A look back at BazelCon ’23 and the launch of Bazel 7

In October ‘23, the Google Bazel team hosted the 7th annual BazelCon, a gathering for the Bazel community and broader Build ecosystem. We welcomed enterprise users and program partners, companies building businesses on top of Bazel, as well as enthusiasts curious to learn more about this space. This year, BazelCon made its debut outside North America and was hosted in the Google Munich office.

BazelCon recap

The Bazel ecosystem is growing. This year, we had over 200 in-person external attendees, over 3K livestream views, and a record number of 120 proposals submitted by the community.

We started the conference with a keynote address by Mícheál Ó Foghlú (Engineering Director at Google), followed by a state-of-the-union address by John Field and Tobias Werth (Engineering Managers at Google).

The Bazel community showcased a series of technical and lightning main-stage talks. To highlight a few:

    • BMW shared insights into how they released several “Bazel cars”
    • JetBrains* announced the preview release of their new Bazel plugin for their IDEs
    • Booking.com walked through their journey of adopting Bazel, thereby reducing CI time from 22 minutes to under 2 minutes and container image size by 80%

Take a look at published recordings of all of these talks at your own leisure.

In addition to hearing from presenters, conference attendees also had the opportunity to engage with each other in smaller, more interactive forums. Through live Q&A with the Bazel team and several Birds of a Feather sessions on topics ranging from authoring rulesets, to collecting usage data responsibly, to IDE integrations, the Bazel community was able to provide direct feedback to the team and spark productive discussions. Make sure to check out published notes from these sessions.

At BazelCon, we also proudly announced the initial release candidate for Bazel 7, which has since launched.

What’s new in Bazel 7?

Bazel 7 is the latest major release on the long-term support (LTS) track. Many multi-year efforts have landed in this release. For example:

Bzlmod: Bzlmod, Bazel's new modular external dependency management system, is now enabled by default (i.e. --enable_bzlmod defaults to true). If your project doesn't have a MODULE.bazel file, Bazel will create an empty one for you. The old WORKSPACE mechanism will continue to work alongside the new Bzlmod-managed system. Learn more about what’s changed since Bazel 6 and what’s coming up in Bazel 8 and 9.

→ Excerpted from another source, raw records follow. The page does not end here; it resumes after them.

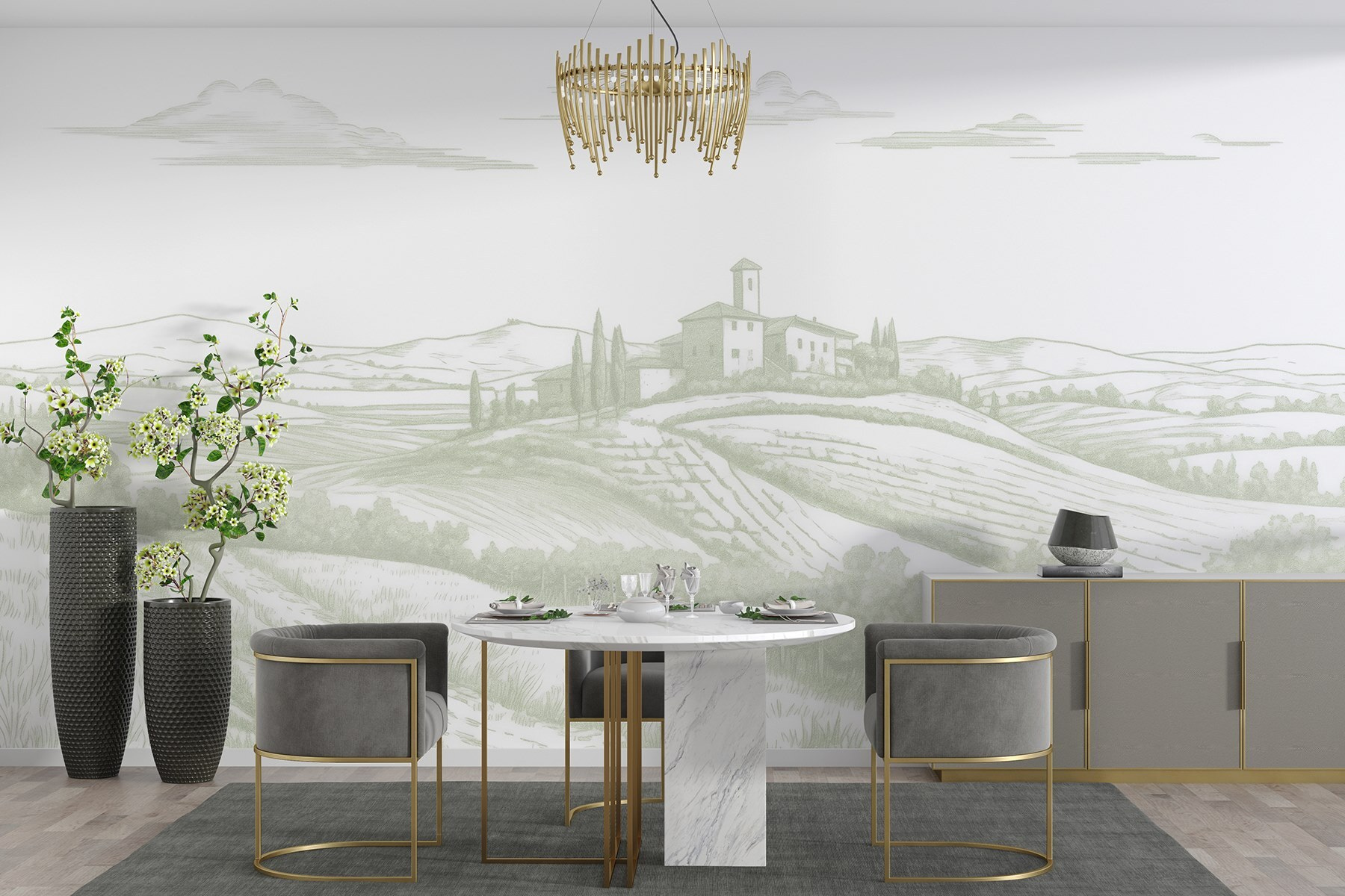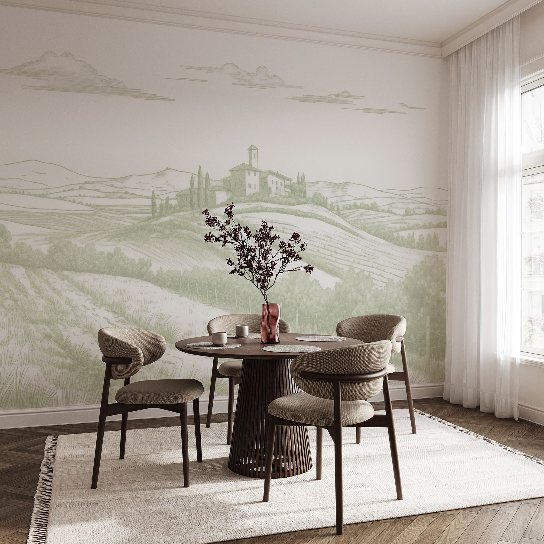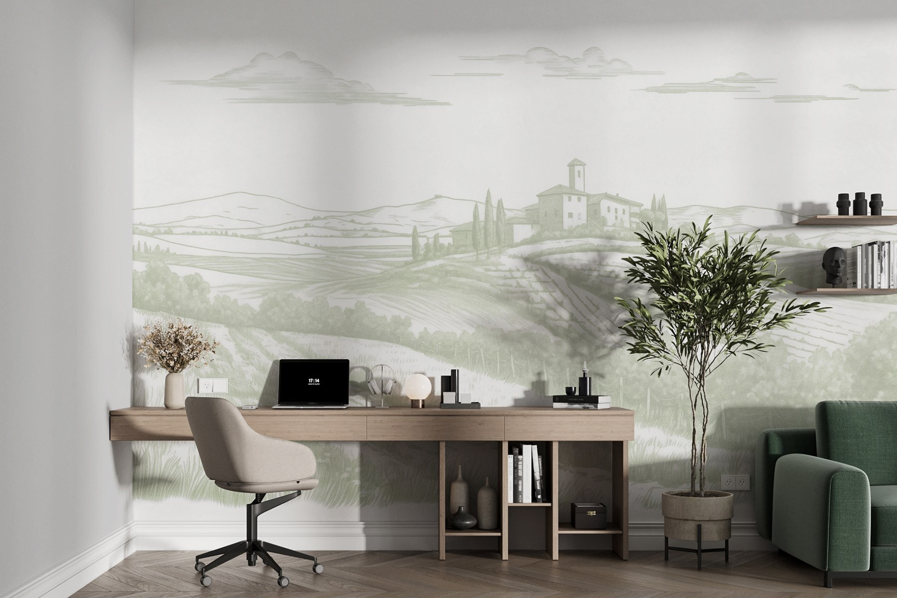 Imagine walking into a room that feels like a serene countryside escape, thanks to this wall mural. Picture a gentle landscape, a charming house nestled among sprawling fields, and rows of lush greenery. The soft tones create a calming vibe, perfect for those quiet moments with a cup of tea or while flipping through a favorite book.
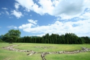 Jōmon era stone circles in Japan might be roughly classified into 2 types (different opinions exist) : ring-shaped type and sundial-shaped type. Both types distribute in Hokkaidō island and Tōhoku region which are now separated by Tsugaru Strait. At Ōyu site in Akita prefecture, both types co-exist.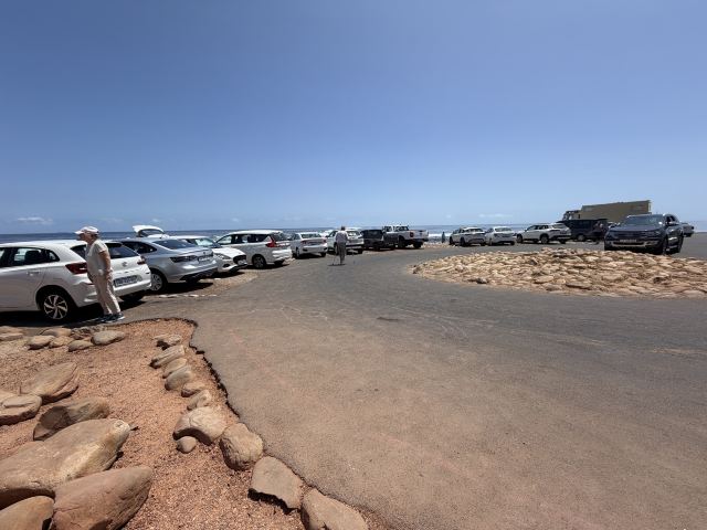 好望角虽在保护区内,但却可以开车进入。景区大门非常简单,进入后两旁都是鲜花灌木,绵绵远山。在通往好望角的路上可以远远看到远处山坡上有一座黑白分明的纪念碑,这座纪念碑是为了纪念从欧洲绕好望角到印度航海路线的开拓者——葡萄牙航海家达伽马的,由于纪念碑在上坡上,山上杂草丛生,基本无法达到纪念碑脚下,只能远眺。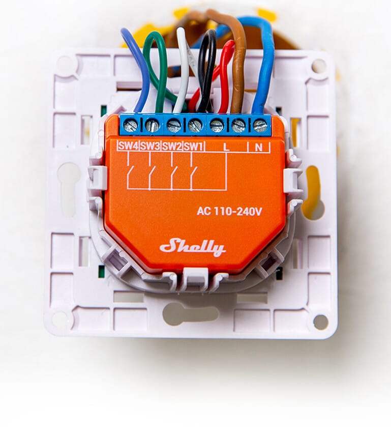 Shelly Plus i4 allows you to manually activate or deactivate any created scene, run synchronized actions, or execute complex trigger scenarios. Shelly Plus i4 is an input reader device (it does not contain relays).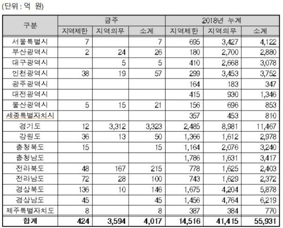 지역별지역제한·지역의무공동도급 현황자료. 조달청 제공
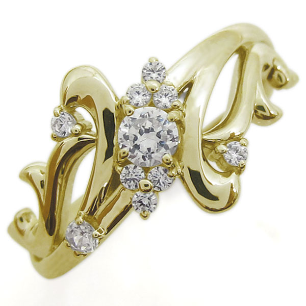 婚約指輪 ダイヤモンド 結婚10周年 唐草 エンゲージリング K10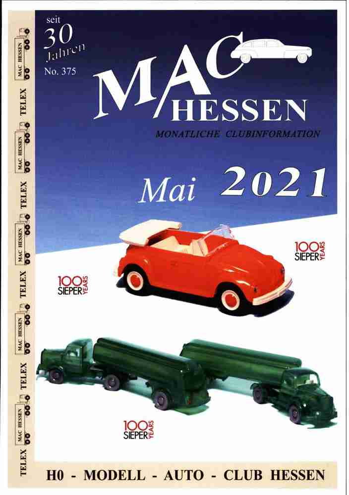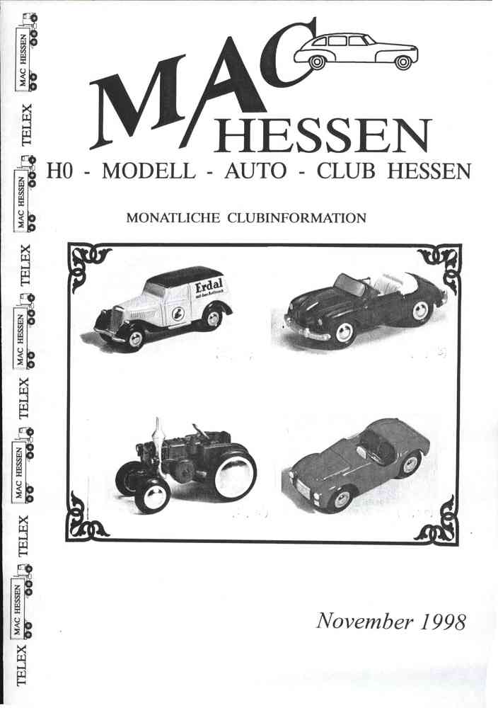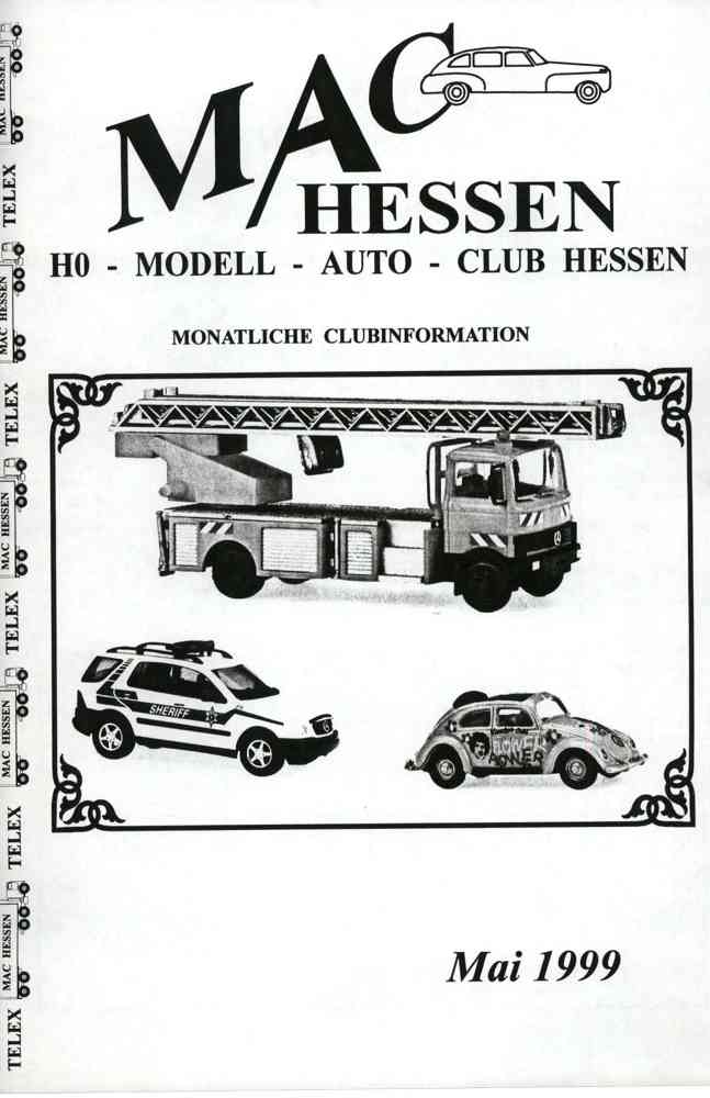 Nach dem Beinahe-Aus des CAM (Club der H0-Auto-Modellfreunde) haben sich die Aktiven mehrerer CAM-Regionalgruppen entschlossen, eigene Vereine zu gründen, so auch im Rhein-Main-Gebiet der Modellauto-Club Hessen. Ich habe mich diesem im Januar 1990 gegründeten Verein angeschlossen. Auch er gibt eine monatlich erscheinende Mitgliederzeitschrift heraus. Der MAC-Telex besteht hauptsächlich aus Modellbeschreibungen von Neuheiten und erscheint zwölf mal pro Jahr. www.mac-hessen.de/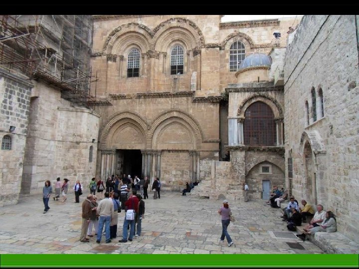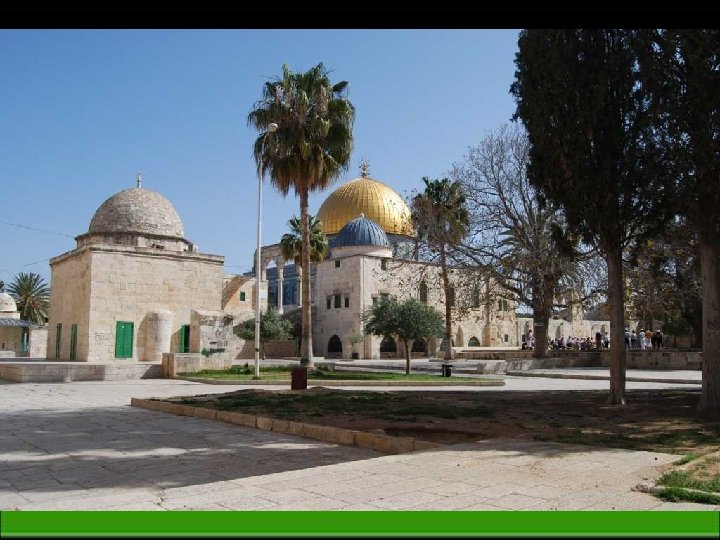 L’église du Saint Sépulcre à Jérusalem Il s’agit en effet du sanctuaire édifié autour du lieu supposé de la crucifixion ainsi que de l’endroit où le Christ aurait été enterré et où il aurait ressuscité Mosquée Al-Aqsa de Jérusalem sur l’Esplanade des Mosquées Pour les musulmans, cet endroit serait le point d'où Mahomet est monté au paradis, emporté par son cheval Bouraq. Le Mur des lamentations La terre de Moïse, David et Salomon. La tradition biblique affirme que la Palestine est la terre donnée par Dieu au « peuple élu » , dirigé par Moïse qui a sorti d’ Égypte le peuple hébreu où il avait été réduit en esclavage.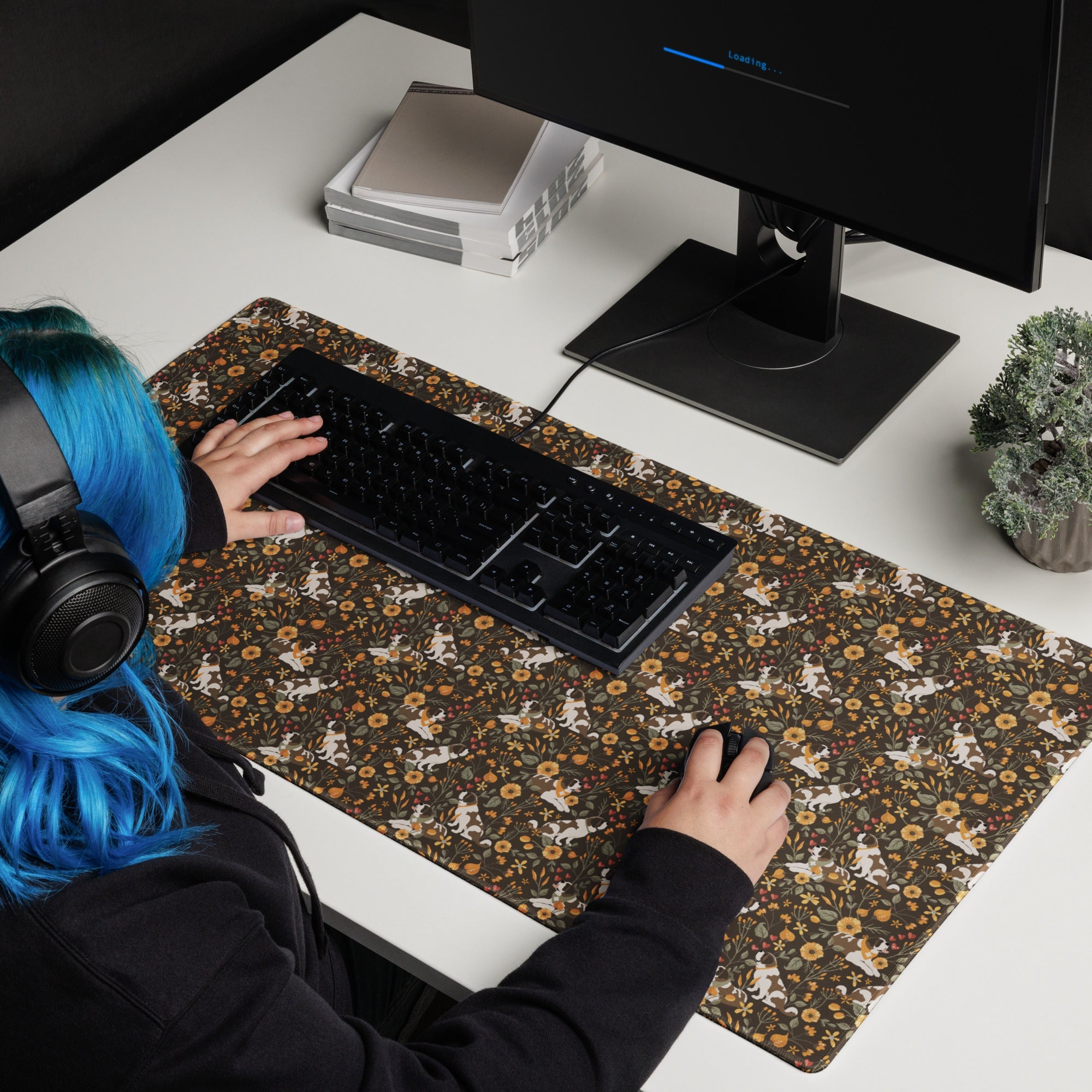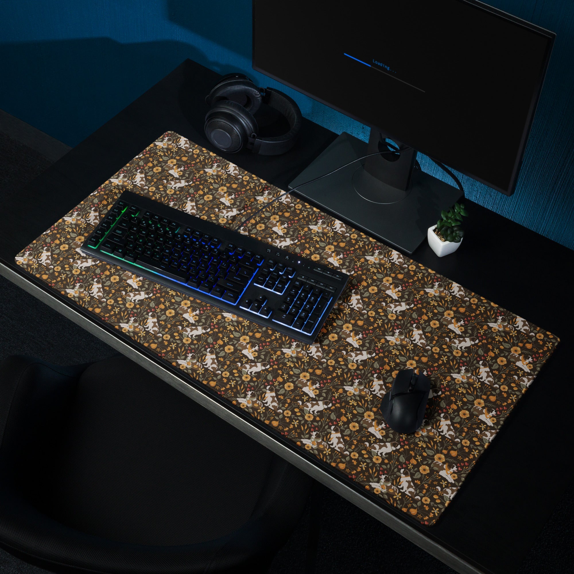 Our Fall Meadow Saint Bernard XL Desk Mouse Pad brings warm fall florals, earthy tones, and giant-sized charm right to your desk inspired by Lucy + Norman’s love for golden leaves, crisp air, and meandering through fall meadows.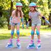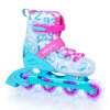 Built with breathable materials and cushioned comfort, these inline skates support long-lasting wear. The combination of shock-absorbing PU wheels and precision ABEC-7 bearings ensures a smooth ride that helps young skaters maintain balance. A one-push size adjustment system allows the skates to adapt as children grow, extending their usability. For added safety, the reinforced shell structure, secure fastening system and dependable brake work together to enhance stability. Finished with 8 light-up wheels and eye-catching pattern details, these inline skates transform every outing into a fun and memorable skating experience.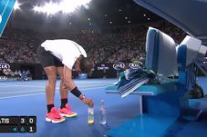 • Își poziționează două sticle de apă perfect în linie dreaptă, cu etichetele îndreptate spre mijlocul terenului în care urmează să joace;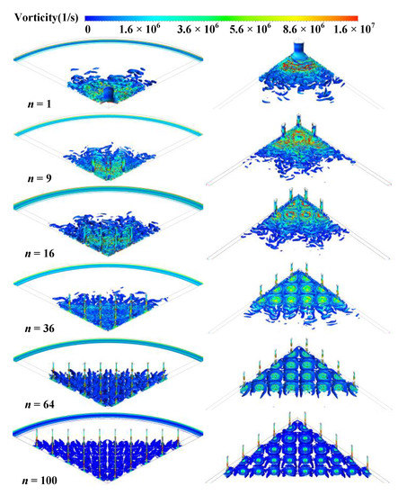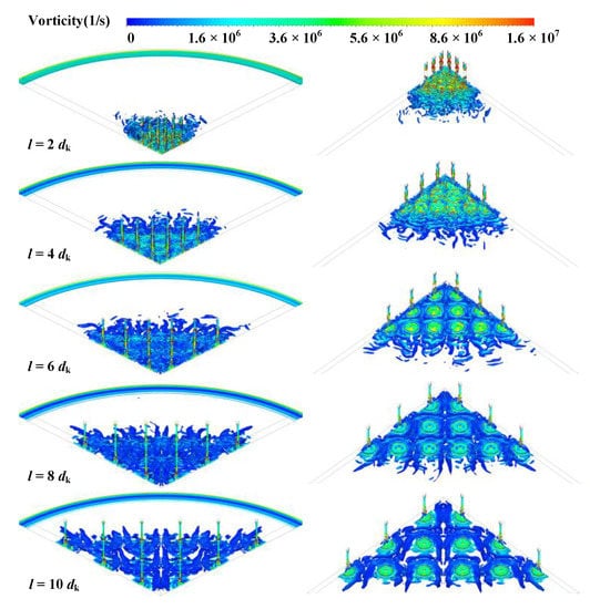 Figure 13 shows the iso-surfaces of vorticity of the aerostatic bearing (the number of micro-holes is n = 36) with different spacing of micro-holes. In the 3D flow field, the details of the airflow interactions between all adjacent holes can be easily captured. As can be seen from Figure 13, as the spacing of micro-holes increases, the complexity and vorticity of turbulent vortices gradually decrease, especially among adjacent orifices. The vortex structure in the recess also develops in the direction of order and stability.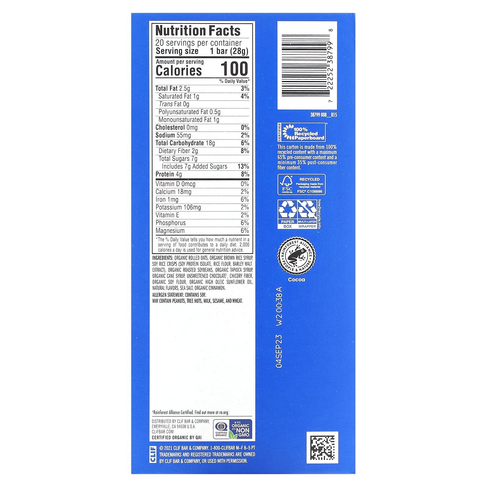 Organic rolled oats, organic brown rice syrup, soy rice crisps (soy protein isolate, rice flour, barley malt extract), organic roasted soybeans, organic tapioca syrup, organic cane syrup, unsweetened chocolate', chicory fiber, organic soy flour, organic high oleic sunflower oil, natural flavors, sea salt, organic cinnamon.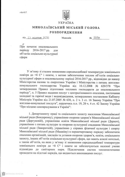 Городской голова Александр Сенкевич подписал распоряжение о начале отопительного периода  для объектов социально-культурной сферы.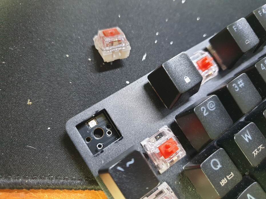 단순 스위치 파손 불량으로 교체 수리 진행합니다. 추가로 사용하지 못하는 키캡은 범용키캡으로 교체 진행합니다.
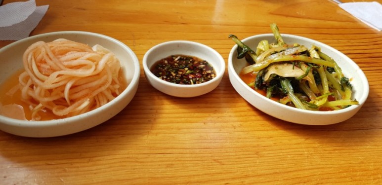 기본적으로 제공되는 반찬입니다. 열무와 무생채인데, 반찬은 정갈하고 깔끔하며 맛도 괜찮았습니다.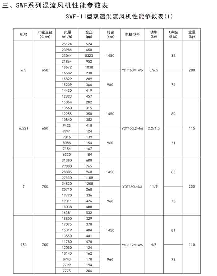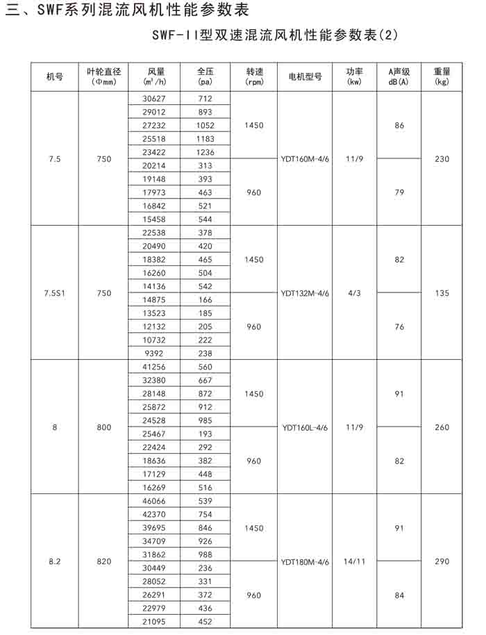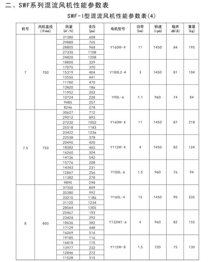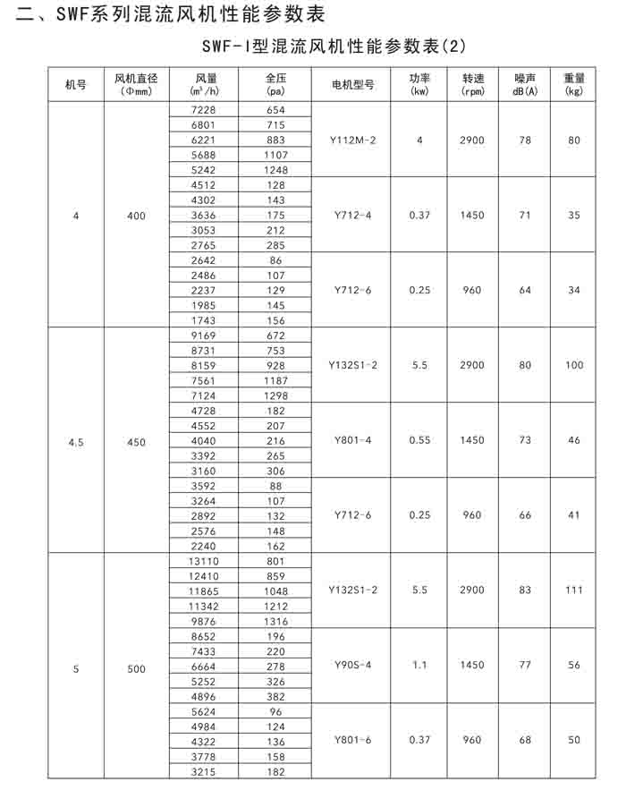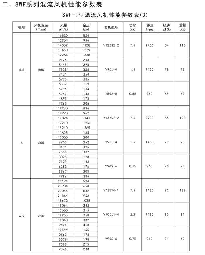 · 二、SWF(HLF、GXF)-I、II、H 系列高效混流風(fēng)機(jī)

Build without the Bytes (BwoB): Build without the Bytes for builds using remote execution is now enabled by default (i.e. --remote_download_outputs defaults to toplevel). Bazel will no longer try to download any intermediate outputs from the remote server, but only the outputs of requested top-level targets instead. This significantly improves remote build performance. Learn more about BwoB.

Merged analysis and execution (Skymeld): Project Skymeld aims to improve multi-target build performance by removing the boundary between the analysis and execution phases and allowing targets to be independently executed as soon as their analysis finishes.

Platform-based toolchain resolution for Android and C++: This change helps streamline the toolchain resolution API across all rulesets, obviating the need for language-specific flags. It also removes technical debt by having Android and C++ rules use the same toolchain resolution logic as other rulesets. Full details for Android developers are available in the Android Platforms announcement.

Read the full release notes for Bazel 7.

Stay up-to-date with Bazel

We are thankful to everyone who played a role in making BazelCon ‘23 a big success - speakers, contributors, attendees, the planning committee, and more. We look forward to seeing you again next year!

In the meantime, follow along as we work together towards Bazel 8:

If you have any questions or feedback, or would like to share something you’ve built, reach out to [email protected]. We would love to hear from you!

By the Google Bazel team

*Copyright © 2023 JetBrains s.r.o. JetBrains and IntelliJ are registered trademarks of JetBrains s.r.o

More Voices = More Bazel

Posted by Lyra Levin, Technical Writer, Software Engineering

Takeaways from the BazelCon DEI lunch panel

In front of a standing-room-only lunch panel, Minu Puranik asks us, “If there is one thing you want to change [about Bazel’s DEI culture], what would it be and why?”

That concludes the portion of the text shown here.